|For Immediate Release
March 21, 2012
Contact: Kim Smith Hicks, 202-225-3951
Statement of Judiciary Committee Chairman Lamar Smith
Opening Statement on H.R. 5, the PATH Act
Chairman Smith: America’s medical liability system is broken and in desperate need of reform. Frivolous lawsuits drive physicians out of the practice of medicine. Limitless liability discourages others from high-risk medical specialties and substantially increases the cost of health care.
The solutions to this crisis are both well-known and time-tested, the President’s recent health care legislation did nothing to address the problems in our medical liability system.
We cannot wait any longer to fix the problem. We should pass this bi-partisan medical liability reform legislation to cut health care costs, spur medical investment, create jobs and increase access to health care for all Americans.
Title I of H.R. 5, the HEALTH Act, is modeled after California’s decades-old and highly successful health care litigation reforms. According to the National Association of Insurance Commissioners, the rate of increase in medical professional liability premiums in California since 1976 has been nearly 3 times lower than the rate of increase experienced in other states.
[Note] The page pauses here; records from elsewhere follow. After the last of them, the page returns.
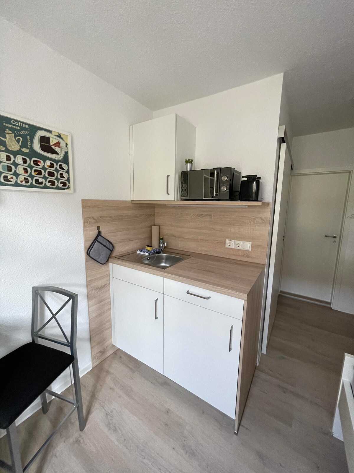 El departamento se ubica en una casa de entramado de madera de 300 años de antigüedad. Es muy espacioso y absolutamente tranquilo a pesar de su proximidad al centro. La renovación se realizó desde un punto de vista ecológico. Las viejas paredes de arcilla crean un clima interior natural, pero requieren reglas especiales de ventilación que el inquilino debe cumplir. De octubre a abril, la ventilación solo puede llevarse a cabo de acuerdo con el principio de ventilación (unos 10 minutos de ventilación cruzada por la mañana y por la noche). No hay televisión.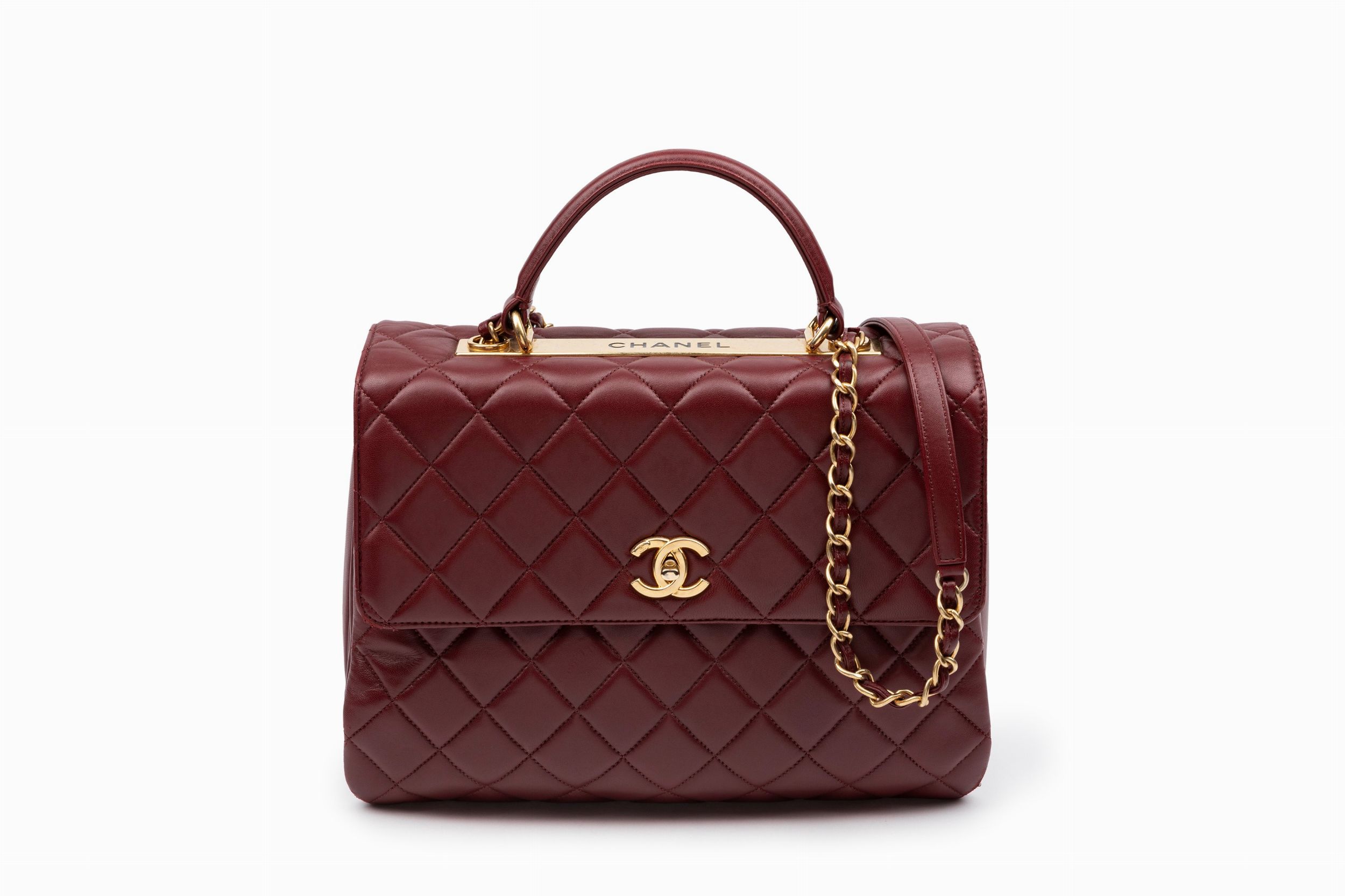 2015 in pelle matelassé color bordeaux con tracolla staccabile, dettagli in metallo dorato, cm 33 (lievi difetti)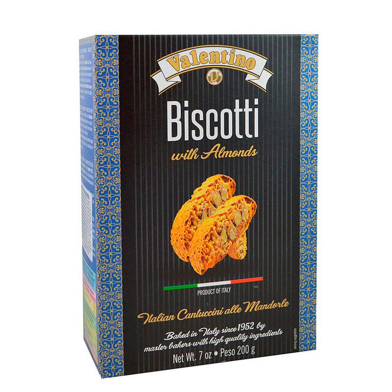 Biscotti de almendras VALENTINO, 200g: Experimenta la deliciosa combinación de almendras tostadas en cada bocado de estos biscotti crujientes y sabrosos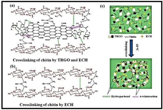 Figure 6. (ac) means the syntheses of chitin-TA modified with rGO (chitin-TRGO) composite hydrogels. Reproduced with permission from [68].
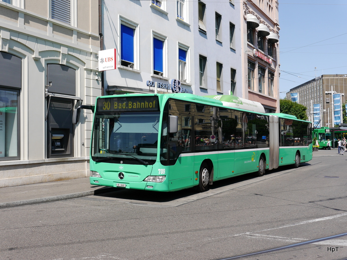 BVB - Mercedes Citaro Nr.709 BS 6668 unterwegs auf der Linie 30 vor dem Bahnhof Basel SBB am 11.07.2015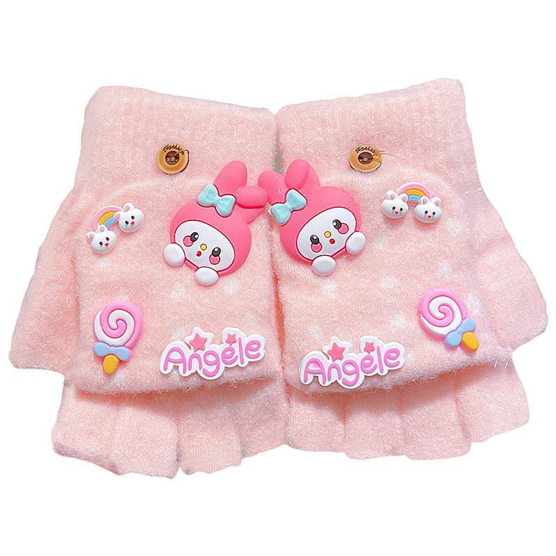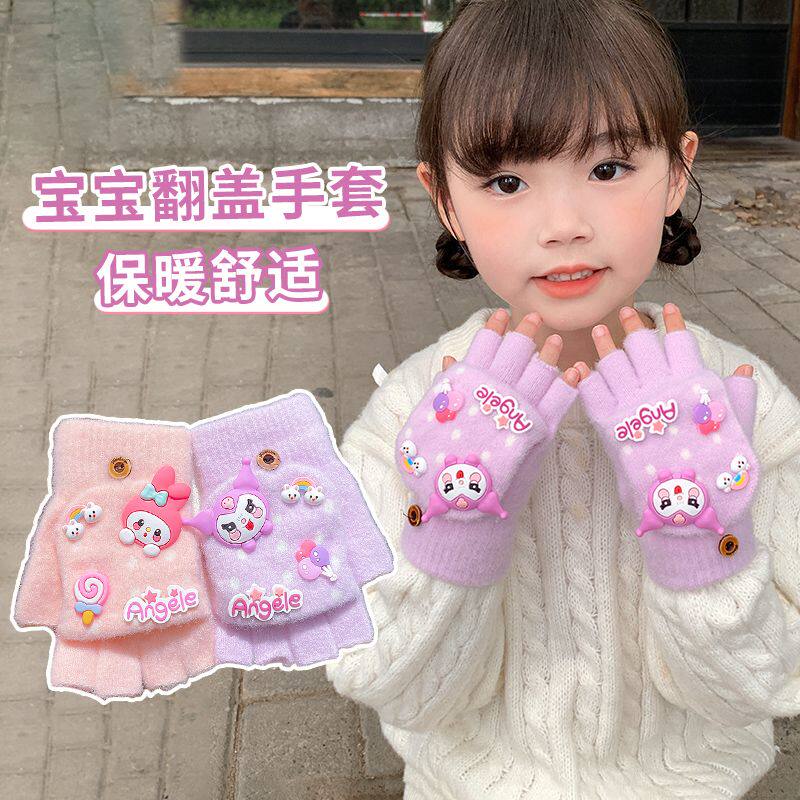 儿童半指翻盖手套库洛米卡通露指五指套男女童秋冬保暖半指套粉色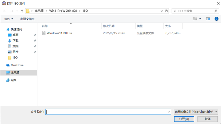 5.在弹出的窗口中根据你的镜像下载的地方打开,例如“D:\ISO\”的文件夹
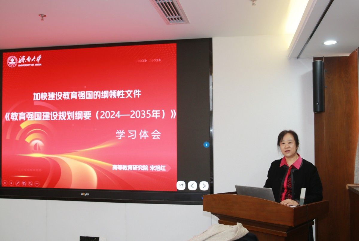 刘春华结合学校实际,就抓好学习内容的贯彻落实,提出意见和要求。一是扛紧扛牢政治责任,纵深推进全面从严治党。要旗帜鲜明讲政治,持续强化理论武装,不断提高学习质效,进一步提升政治判断力、政治领悟力、政治执行力,切实以理论上的清醒确保政治上的坚定。要履职尽责强担当,严格落实党委书记第一责任人职责、班子成员“一岗双责”,支持纪委履行监督责任,健全统一联动、合力运行的责任落实机制。要齐心协力抓落实,将思想行动统一到学校党委部署上来,认真贯彻全面从严治党工作会议精神,谋划好、落实好年度任务分工意见,开展深入贯彻中央八项规定精神学习教育,持续营造风清气正政治生态和育人环境。二是提质提效党的建设,不断增强党建引领作用。要加强基层党组织建设,坚持大抓基层的鲜明导向,全面贯彻新时代党的组织路线,严格规范议事决策,着力增强基层党组织政治功能和组织功能。要加强干部队伍建设,树牢重实干、重实绩、重担当的鲜明导向,构建全周期教育培养体系,不断提升干部的大局意识、战略眼光和管理能力。要加强党建工作创新,推动党建活动项目化、特色化、品牌化,培育党建“双创”特色品牌和实践成果,围绕“一融双高”扎实开展党建研究,切实以高质量党建引领高质量发展。三是抓住抓好发展机遇,加快推动学校事业发展。要深刻把握中国式现代化这个最大政治,深入学习贯彻党的二十届三中全会精神,切实在贯彻落实党中央决策部署中推动高水平大学建设,始终把稳正确前进方向。要自觉在教育强国强省建设中找定位、谋发展,全方位融入新时代社会主义现代化强省建设,高质量编制学校“十五五”发展规划,改革创新推动事业发展。要持续增强服务发展效能,完善学科设置调整机制和人才培养模式,扎实开展有组织科研,统筹推进服务县域经济高质量发展和“百校万企万师双进”行动,以实际工作成效展现济大担当。四是聚焦聚力巡视工作,协同抓好各项任务落实。全校上下要提高政治站位,进一步统一思想认识,自觉站在做到“两个维护”的政治高度,把握工作要求,接受巡视监督。要抓好问题整改,坚持即知即改、立行立改,将“当下改”与“长久立”相结合,以巡视实效推动学校高质量发展。

By incorporating California’s time-tested reforms at the Federal level, the HEALTH Act saves taxpayers billions of dollars, encourages health care practitioners to maintain their practices and reduces health care costs for patients. It especially helps traditionally under-served rural and inner city communities, and women who seek obstetrics care.
The reforms in H.R. 5 include a $250,000 cap on noneconomic damages and limits on the contingency fees lawyers can charge. It allows courts to require periodic payments for future damages in order to ensure that injured patients receive all of the damages they are awarded without bankrupting the defendant.
The HEALTH Act also includes provisions that create a “fair share” rule, by which damages are allocated fairly in direct proportion to fault. And it provides reasonable guidelines on the award of punitive damages.
The HEALTH Act allows for the payment of 100% of plaintiffs’ economic losses. These unlimited economic damages include all their medical costs, their lost wages, their future lost wages, rehabilitation costs, and any other economic out-of-pocket loss suffered as the result of a health care injury.
The HEALTH Act also does not preempt any State law that otherwise caps damages. This bill is a common-sense and constitutional approach to reducing the cost of healthcare.
Whereas the HEALTH Act allows doctors to freely practice nationwide, the Obamacare individual mandate dictates that all people buy a particular product, whether they want it or not.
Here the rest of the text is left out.